Here is an excerpt from the WSJ Blog (emphasis supplied):
The Swiss Bankers Association welcomed most of the legislation but said it opposed a proposal requiring banks to review existing customer relationships for tax compliance.
“The strategy of tax-compliant assets is forward-looking and should hinder the influx of untaxed new assets and should not be applied retroactively,” the group said in a news release Wednesday. ” Under no circumstances should it be extended to include the unilateral solution for the past.”So, it wants to continue to protect its friends -- tax evaders as well as despots and drug dealers who are Switzerland's friends for the right price.

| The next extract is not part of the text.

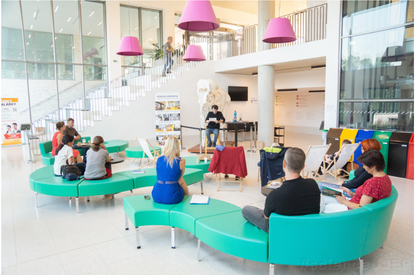
Ústí nad Labem

The statement from the Swiss Bankers Association (Statement from the SBA regarding the implementation of the extended due diligence requirements in tax matters and money laundering (adoption of the FATF guidelines) (2/27/13), is here.
Now, here are some interesting quotes from the SBA statement:
The Swiss Bankers Association (SBA) has long advocated a tax compliant financial centre. [JAT Note: just how long? Was it pre-Birkenfeld or post-Birkenfeld? And, we all know the claim of advocacy (if truthful at all even now) is reluctant advocacy and post-Birkenfeld. And so forth.]
The SBA thus generally supports the approach taken by the Swiss Federal Council to embed both the extended due diligence requirements for financial intermediaries aimed at defending against untaxed assets, and the FATF predicate offences for money laundering (incl. tax offences) in the Anti Money Laundering Act (GwG). [JAT Note: Oh, sure, readers can see where this is going and believe it if they choose to.]